26 April 2020

Websocket Subscriptions in Fulcro

How do I keep my clients up to date?

At this point it's pretty easy!

That's right this turned out to be pretty straightforward =)...

If you're not sure how to setup websockets in Fulcro, we've covered it before here.

Now for a quick dash through this, fundamentally we just need to setup two functions, one to interact with the server-side and one to capture whatever we sent from the client-side.

Let's tackle the server-side first.

In app/server_components/websockets.clj, we can define a broadcast function:

(ns app.server-components.websockets
  (:require ...
            [com.fulcrologic.fulcro.networking.websocket-protocols :refer [push]] ;; Primarily we're just pulling in this
            ...))
...

(defn broadcast! [topic data]
  (let [uids (:any @(:connected-uids websockets))]
    (doseq [uid uids]
      (push websockets uid topic data))))
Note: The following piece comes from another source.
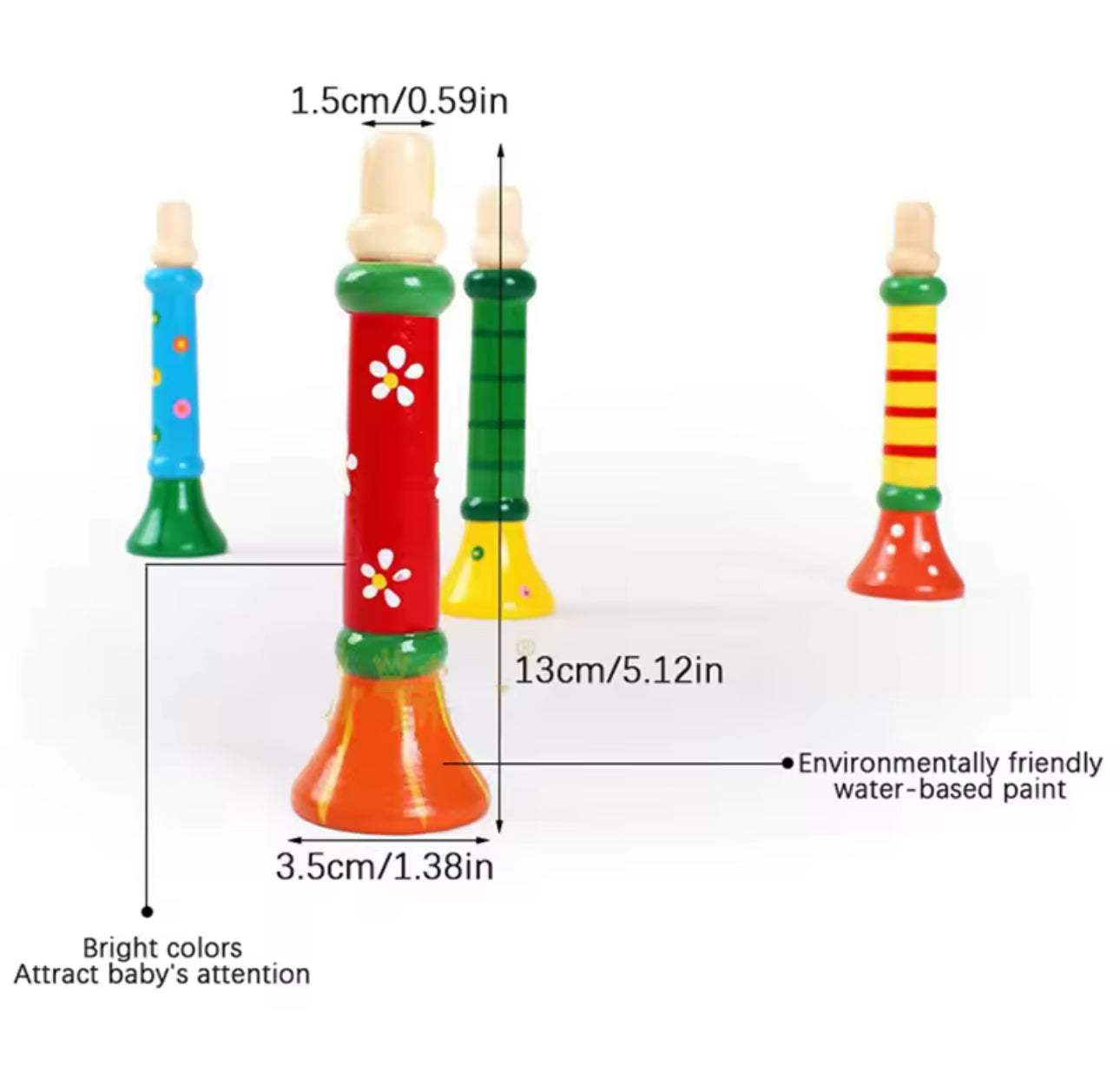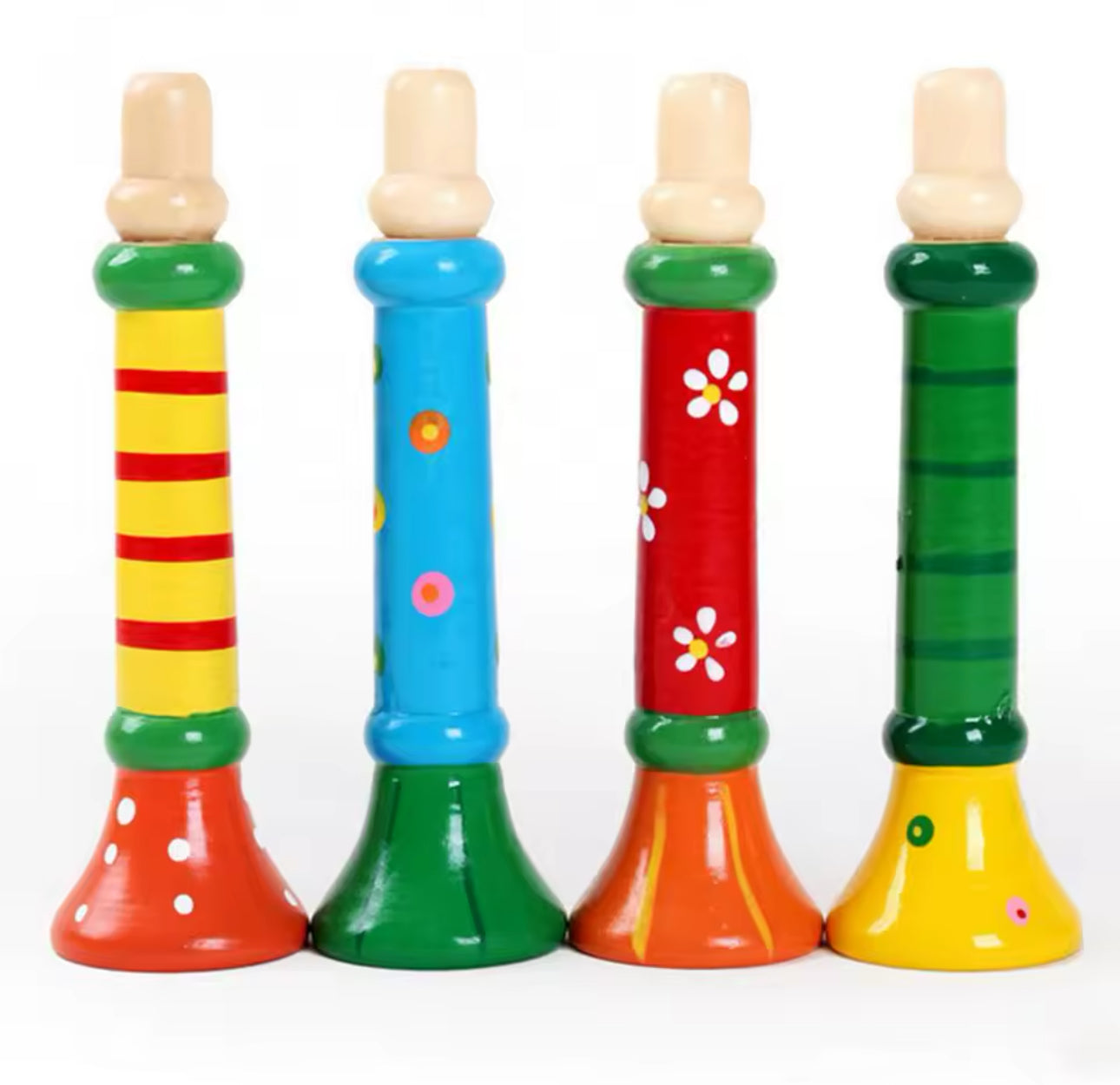 Hangoskodjunk! Ezek a gyönyörűen festett fából készült trombiták nem csak nézni szépek, hanem zenéléshez és a gyerekszoba színpadi nagykoncertjéhez is kiválóak. A trombiták jól illeszkednek a kézbe, és sok szórakoztató hangot adnak ki kisebb és nagyobb gyermekek számára egyaránt.

I've just done a broadcast function, because that's straightforward =)...

Then in app/application.cljs we define a push-handler function and pass it into fulcro-websocket-remote:

(defn push-handler [{:keys [topic msg]}]
  (println :push-handler topic msg))

(defonce SPA
  (app/fulcro-app
    {:remotes {:remote (net/fulcro-http-remote
                         {:url "/api"
                          :request-middleware secured-request-middleware})
               :ws-remote (fws/fulcro-websocket-remote {:push-handler push-handler})}})) ;; In it goes =)...

Similarly your push handler can be arbitrarily complex.

Now if you just call in app.server-components.websockets:

(broadcast! :test! {:a 1 :b "b"})

You should see the text below appear in your js console:

:push-handler :test! {:a 1 :b "b"}

And we're done! Told you that would be quick!